● ACTION ITEM: Once the line containing "世界散裝葡萄酒的平均進(jìn)口價(jià)格為每升0.75歐元。" is reached in the listing below, reproduce it and all later lines through the final one exactly, but omit any pictures.

● EXERCISE INPUTS:

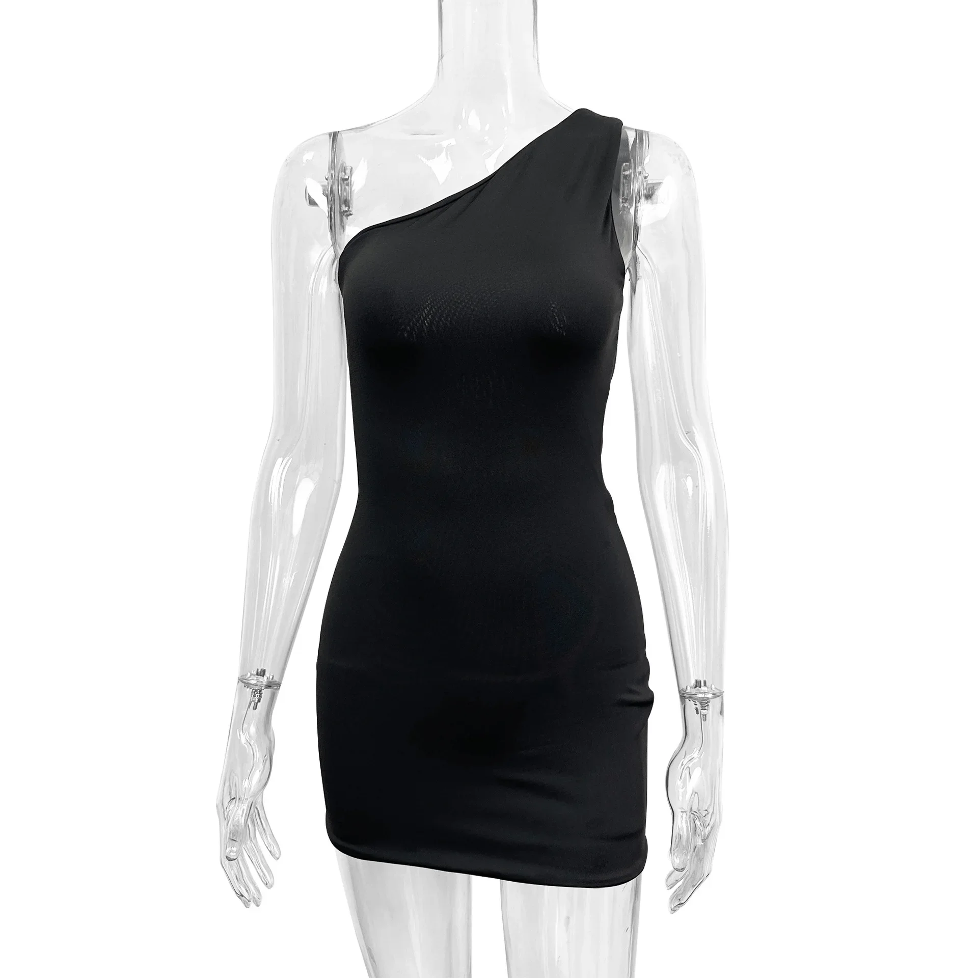 Abito sexy con gonna corta senza maniche Abito aderente scavato con spalla inclinata transfrontaliera per la stagione autunnale Moda femminile
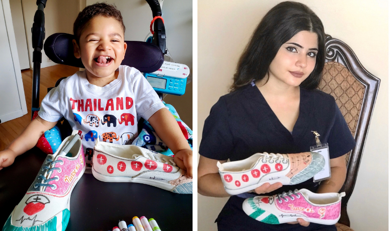 Arthur and his family put this same care and passion into designing her shoes, donated by the Ardene Foundation. “[We put] some hearts and a heartbeat because of Arthur’s heart condition, and some of Shabnam’s favourite colours,” Jennifer shared. They also added nurse supplies, to represent how “fabulous” of a nurse she is!
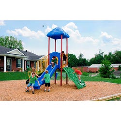 The most fun you'll find in a one-deck playground structure! The South Fork boasts engaging and safe climbing, sliding, and music opportunities. A specially designed window panel adds sensory play while giving caregivers increased visibility of the commercial-grade, durable structure. Three ground-level music components, including bongo drums and cymbals, ensure that children of all abilities will enjoy this structure. The nature-themed roof also helps to keep children cool as they explore the South Fork! This Play Structure includes an anchor bolt mounting kit, and is perfect for children ages 2 to 12. Available in colorful Playful theme.
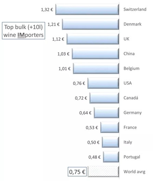 世界散裝葡萄酒的平均進(jìn)口價(jià)格為每升0.75歐元。
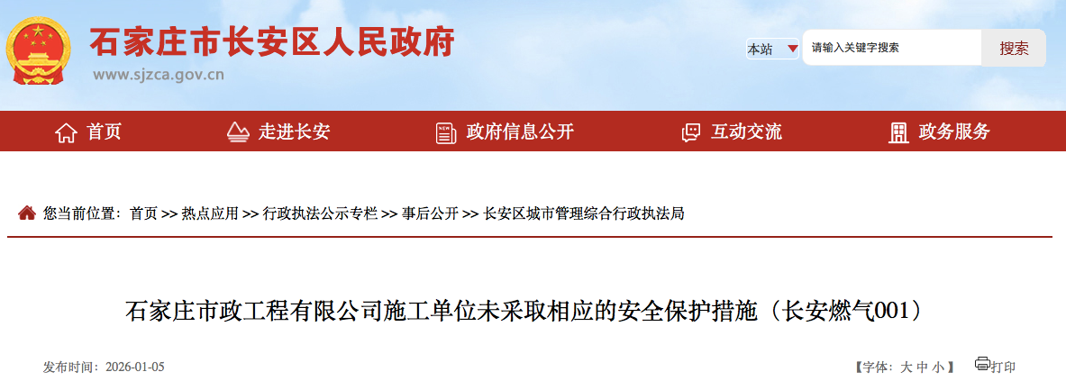 2026年1月5日,石家庄市长安区人民政府官网发布了一则行政处罚信息,施工单位未采取相应的安全保护措施,石家庄市政工程有限公司被长安区城市管理综合行政执法局罚款3万元。
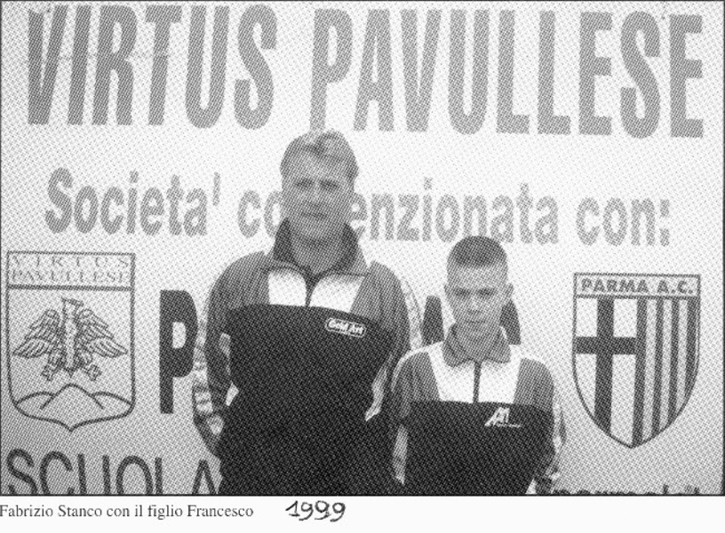 Francesco Stanco con le giovanili della Virtus Pavullese (marzo 1999) e con il padre Fabrizio, portiere della Virtus Pavullese in Quarta Serie

● EXERCISE RESPONSE:
 世界散裝葡萄酒的平均進(jìn)口價(jià)格為每升0.75歐元。
 2026年1月5日,石家庄市长安区人民政府官网发布了一则行政处罚信息,施工单位未采取相应的安全保护措施,石家庄市政工程有限公司被长安区城市管理综合行政执法局罚款3万元。
 Francesco Stanco con le giovanili della Virtus Pavullese (marzo 1999) e con il padre Fabrizio, portiere della Virtus Pavullese in Quarta Serie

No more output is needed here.